* _Description of the task_:
Each line of the material must be reproduced exactly; pictures stay out.

* _Data extract_:
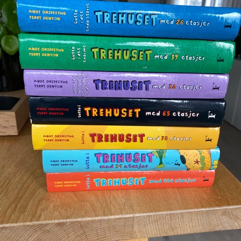 André Bjerke Gutta i trehuset bokserie består av tre bøker: 'Gutta i trehuset med 13 etasjer', 'Gutta i det enda større trehuset med 26 etasjer' og 'Gutta i ditt-du-tror-det-ikke-finnes-størst-trehuset med 52 etasjer'. Bøkene er illustrert av Terry Denton og er barnebøker som følger guttene og deres eventyr i trehus med forskjellige antall etasjer.
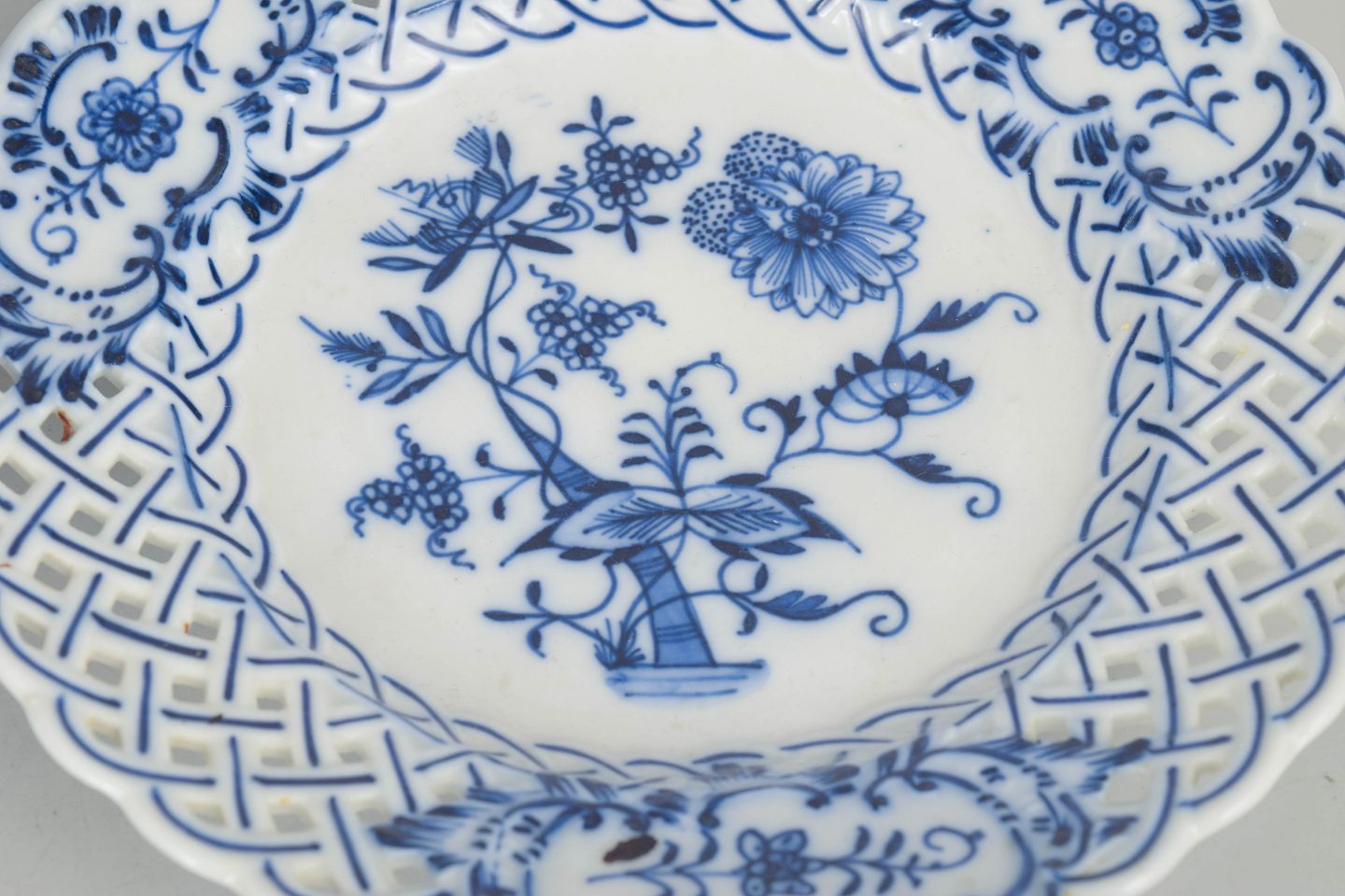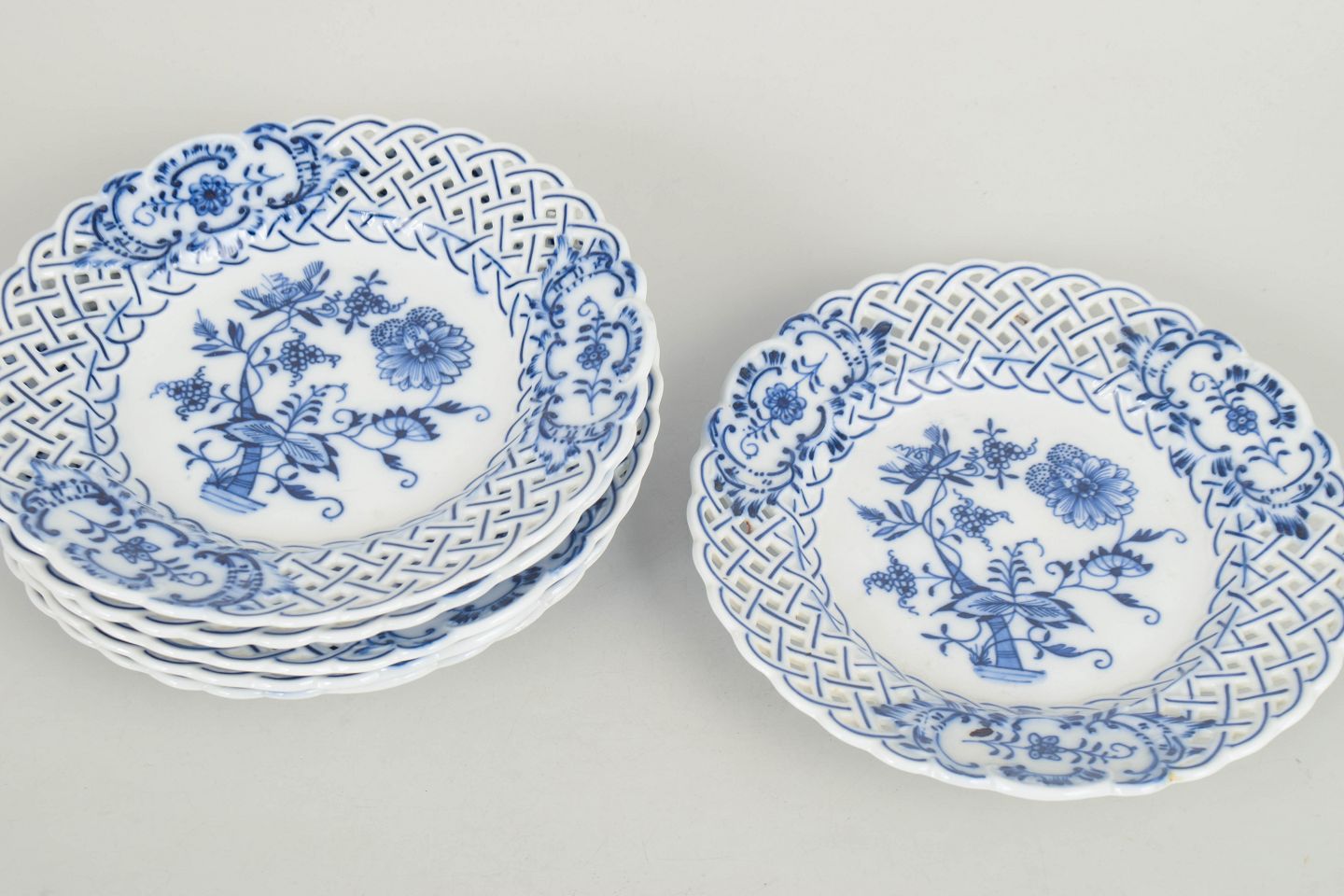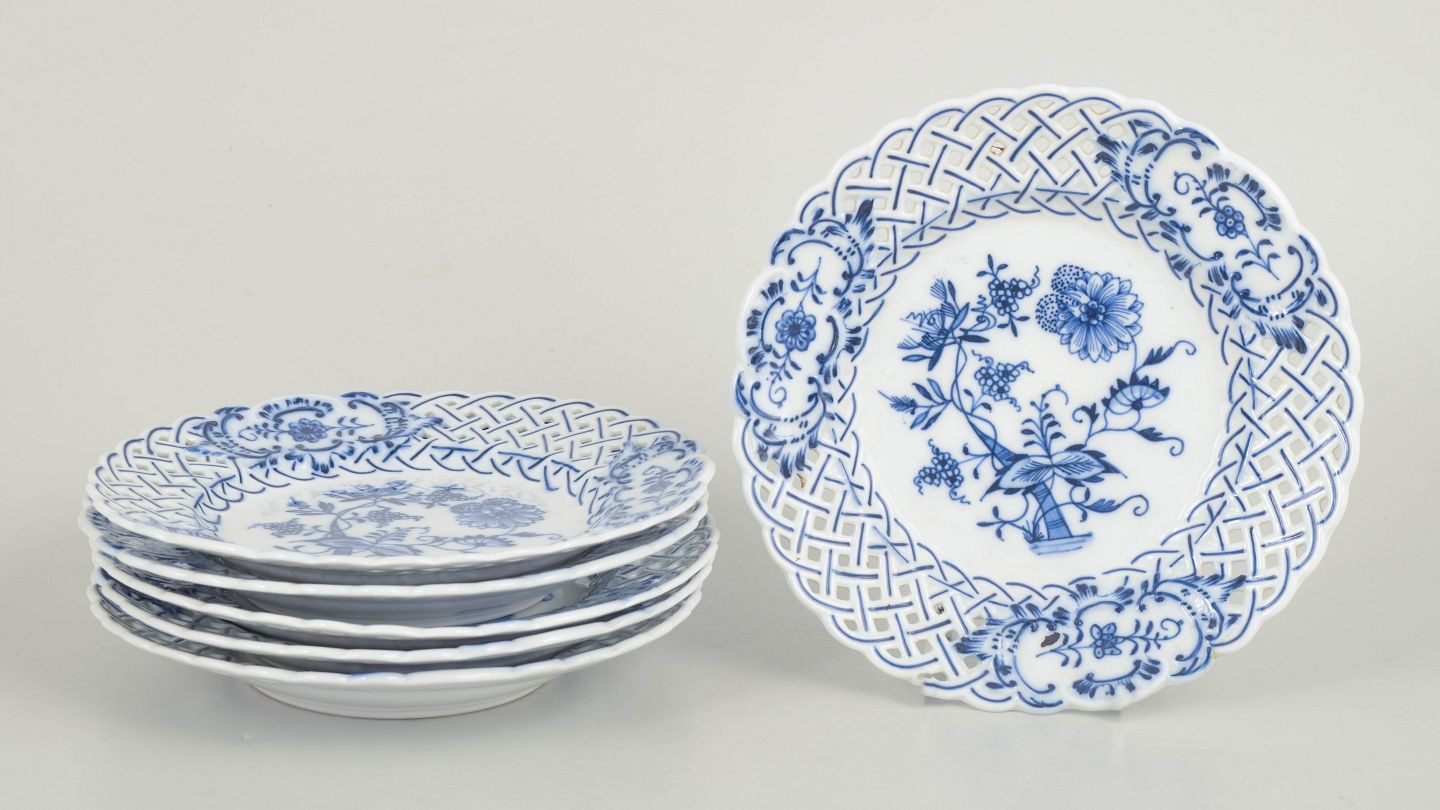 Stadt Meissen, sæt med seks salattallerkener.Klassiske salattallerkener i porcelæn med gennembrudt fane og blå løgmønstret dekoration i underglasur. Traditionelt håndmalet udtryk med fin detaljering.
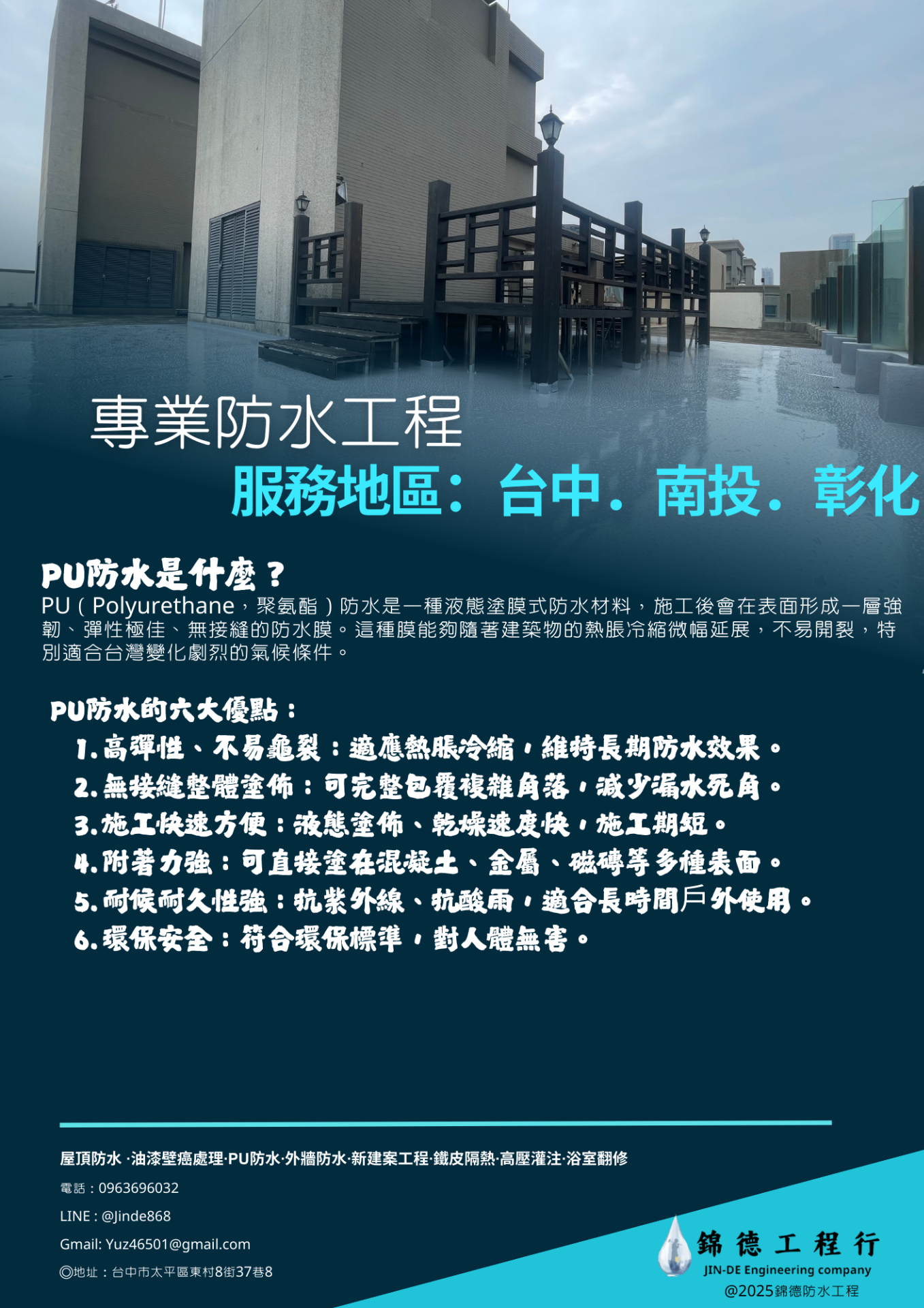 PU防水,即聚氨酯防水,是目前建築防水工程中廣泛使用的高性能防水材料。它以聚氨酯為主要成分,經過化學反應形成具有高彈性和高附著力的防水塗膜。由於其卓越的性能,PU防水被廣泛應用於屋頂、地下工程、廚房、衛生間、陽台、水池等防水工程。

* _Task output_:
 André Bjerke Gutta i trehuset bokserie består av tre bøker: 'Gutta i trehuset med 13 etasjer', 'Gutta i det enda større trehuset med 26 etasjer' og 'Gutta i ditt-du-tror-det-ikke-finnes-størst-trehuset med 52 etasjer'. Bøkene er illustrert av Terry Denton og er barnebøker som følger guttene og deres eventyr i trehus med forskjellige antall etasjer.
 Stadt Meissen, sæt med seks salattallerkener.Klassiske salattallerkener i porcelæn med gennembrudt fane og blå løgmønstret dekoration i underglasur. Traditionelt håndmalet udtryk med fin detaljering.
 PU防水,即聚氨酯防水,是目前建築防水工程中廣泛使用的高性能防水材料。它以聚氨酯為主要成分,經過化學反應形成具有高彈性和高附著力的防水塗膜。由於其卓越的性能,PU防水被廣泛應用於屋頂、地下工程、廚房、衛生間、陽台、水池等防水工程。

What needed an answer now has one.